Extractos del libro de Jong Gi Jung «El gran flujo de la historia»

Parte 10

«La tarea es garantizar de manera segura los intereses de la República, que tras el colapso del sistema socialista mundial, a pesar de la adversidad, sigue el camino de los fundadores del marxismo-leninismo.»

El gran flujo de la historia, Jong Gi Jung

«…Cuando Moon Son Gyu entró en la oficina del respetado camarada Kim Jong Il, el Dirigente postergó los documentos que trataba, ofreció que se sentara y, según su costumbre, inmediatamente procedió a la esencia del asunto.

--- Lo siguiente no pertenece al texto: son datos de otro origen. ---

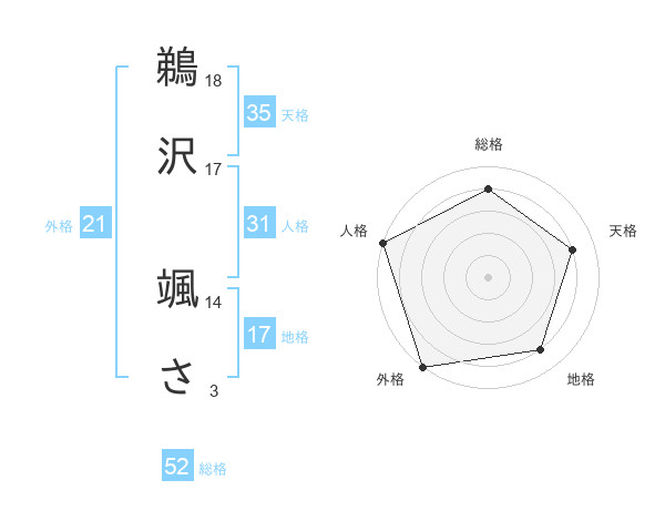 鵜沢 颯ささんの総格は52画の4点!

– Camarada vice primer ministro, el Ministerio de Relaciones Exteriores ahora tendrá que trabajar más duro. En el momento oportuno, será necesario publicar en nuestros medios el informe analítico que se me presentó hace unos días y llevar su contenido a la comunidad mundial y las organizaciones internacionales. Antes de eso, debe prepararse una declaración del Gobierno de la República sobre nuestra decisión de retirarnos del Tratado sobre la no proliferación, el discurso de un representante oficial, una conferencia de prensa, así como las notas para países extranjeros y organizaciones internacionales.

– ¡Sí, todo está claro, mi General! – Moon Song Gyu se quedó sin aliento.

Kim Jong Il lo miró con una pregunta. Moon Sung Gyu se apresuró a explicar su emoción:

– ¡Mi General! De hecho, cada vez que se intensifica la resistencia nuclear, advertimos que daríamos resistencia firme, tomar medidas radicales de autodefensa, pero no podría haber adivinado que tú, General, darías tal paso. Qué audacia!

– Mmm… La decisión de retirarse del Tratado no es un asunto privado, es una demostración de una feroz lucha política y de clase para mantener la dignidad nacional y proteger el socialismo coreano. Además, es totalmente coherente con el derecho internacional. Camarada Primer Viceministro, como tú sabes, de acuerdo con el artículo 10 del Tratado sobre la no proliferación de las armas nucleares, toda parte en la implementación de la soberanía estatal tiene derecho a retirarse del Tratado si decide que su contenido – Las circunstancias excepcionales relacionadas ponen al máximo los intereses del país. No es ese el camino? Ahora, utilizando como apalancamiento del Tratado, cambiemos la situación para mejor. Nuestros camaradas de la Comisión Nuclear se enfrentan a graves problemas. Aquí es donde comienza la verdadera batalla!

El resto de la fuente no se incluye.